:: Saved data entries ::
*** Block opens ***

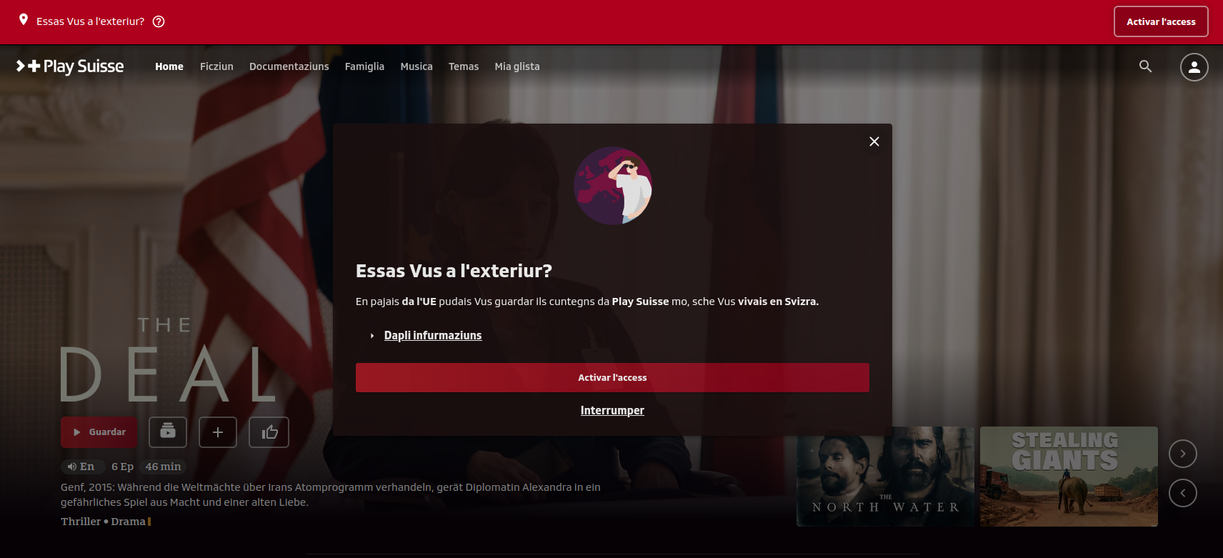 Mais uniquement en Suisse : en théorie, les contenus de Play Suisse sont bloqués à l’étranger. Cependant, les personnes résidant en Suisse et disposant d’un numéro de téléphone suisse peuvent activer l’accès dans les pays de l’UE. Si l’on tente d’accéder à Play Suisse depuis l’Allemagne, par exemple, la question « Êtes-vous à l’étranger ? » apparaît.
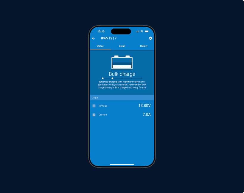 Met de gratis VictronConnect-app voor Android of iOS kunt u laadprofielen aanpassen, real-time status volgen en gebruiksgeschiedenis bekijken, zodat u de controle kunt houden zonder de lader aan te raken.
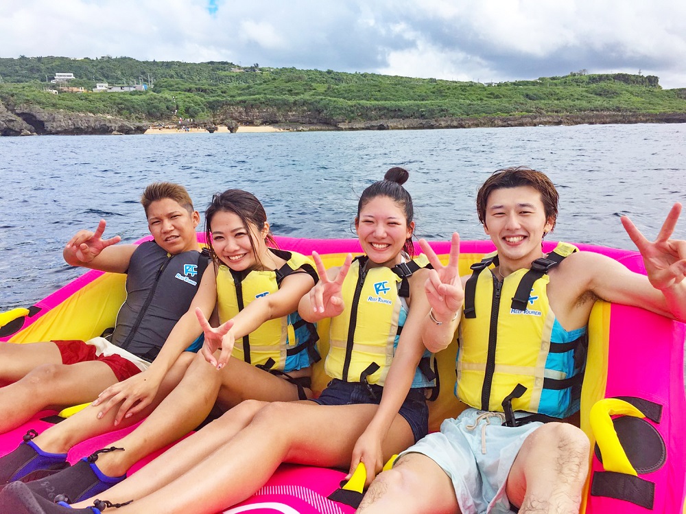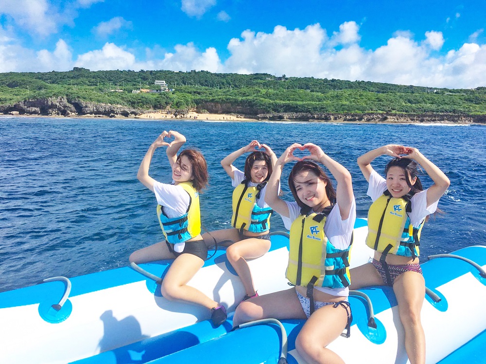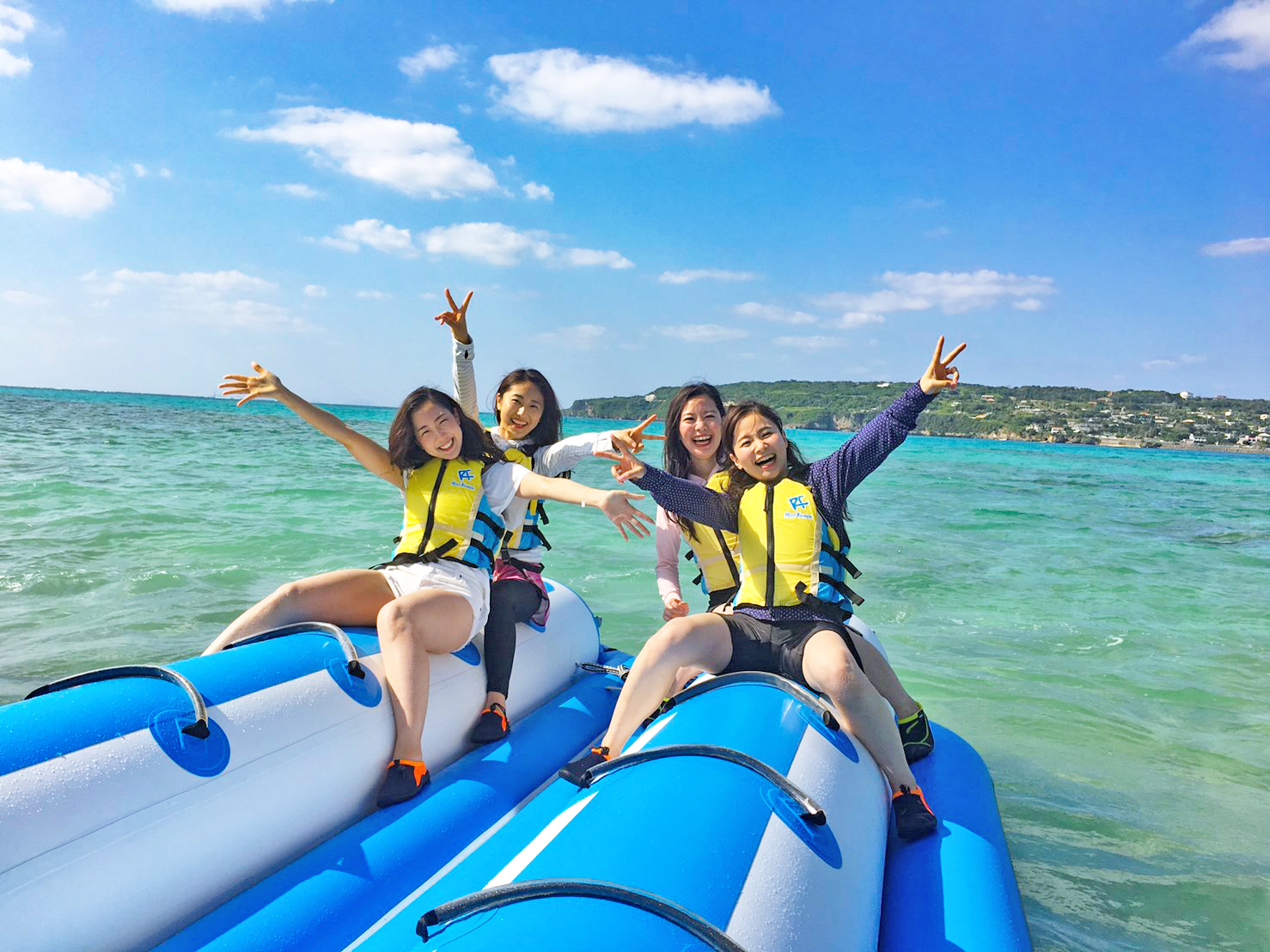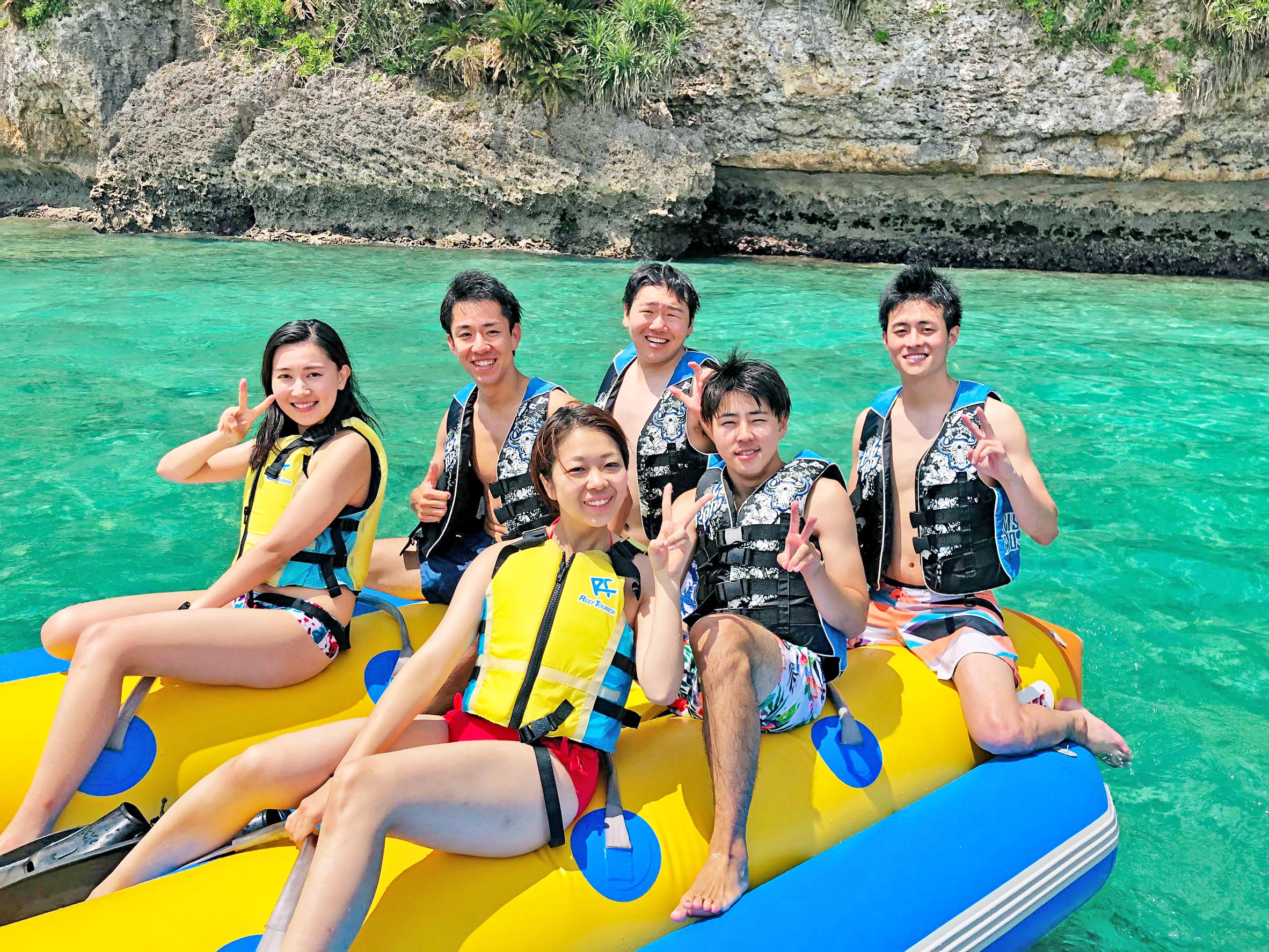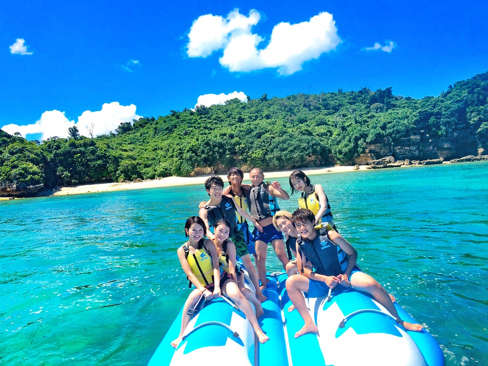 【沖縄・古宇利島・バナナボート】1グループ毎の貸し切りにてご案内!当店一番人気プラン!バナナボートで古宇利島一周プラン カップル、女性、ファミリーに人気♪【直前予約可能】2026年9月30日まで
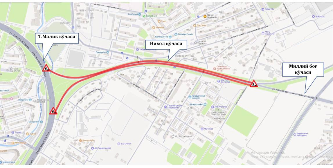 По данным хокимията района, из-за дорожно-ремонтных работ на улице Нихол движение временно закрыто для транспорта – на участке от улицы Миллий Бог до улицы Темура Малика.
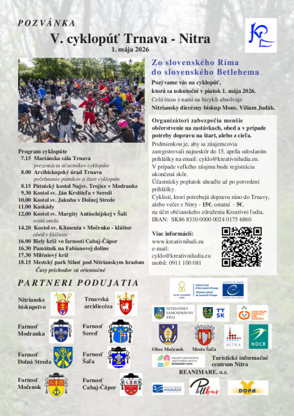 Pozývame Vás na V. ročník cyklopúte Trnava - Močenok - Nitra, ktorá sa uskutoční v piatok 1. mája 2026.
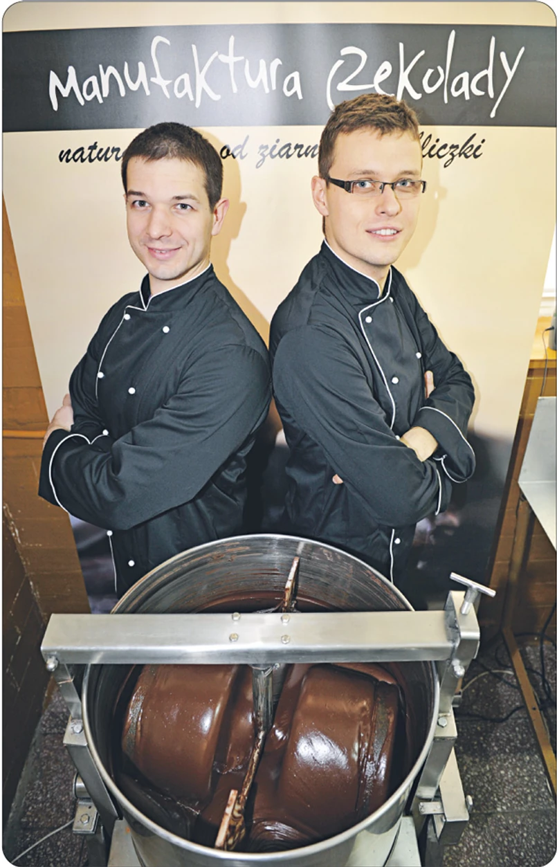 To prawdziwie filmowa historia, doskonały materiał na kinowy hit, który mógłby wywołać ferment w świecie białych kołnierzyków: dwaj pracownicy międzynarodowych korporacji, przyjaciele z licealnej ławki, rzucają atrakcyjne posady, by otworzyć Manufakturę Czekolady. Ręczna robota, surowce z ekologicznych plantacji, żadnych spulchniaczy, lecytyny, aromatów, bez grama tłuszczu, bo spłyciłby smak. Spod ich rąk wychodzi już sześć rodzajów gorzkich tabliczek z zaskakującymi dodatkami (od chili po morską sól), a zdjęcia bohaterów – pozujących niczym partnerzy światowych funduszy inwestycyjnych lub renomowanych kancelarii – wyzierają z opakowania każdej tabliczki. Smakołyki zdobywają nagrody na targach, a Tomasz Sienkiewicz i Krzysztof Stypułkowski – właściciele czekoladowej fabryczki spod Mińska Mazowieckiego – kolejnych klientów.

*** Block closes ***

:: ACTIVITY ::
With the pictures omitted, restate word for word the lines above from the line that has "По данным хокимията" up to and including the line that has "Pozývame Vás na", and no other lines.

:: EXERCISE SOLUTION ::
 По данным хокимията района, из-за дорожно-ремонтных работ на улице Нихол движение временно закрыто для транспорта – на участке от улицы Миллий Бог до улицы Темура Малика.
 Pozývame Vás na V. ročník cyklopúte Trnava - Močenok - Nitra, ktorá sa uskutoční v piatok 1. mája 2026.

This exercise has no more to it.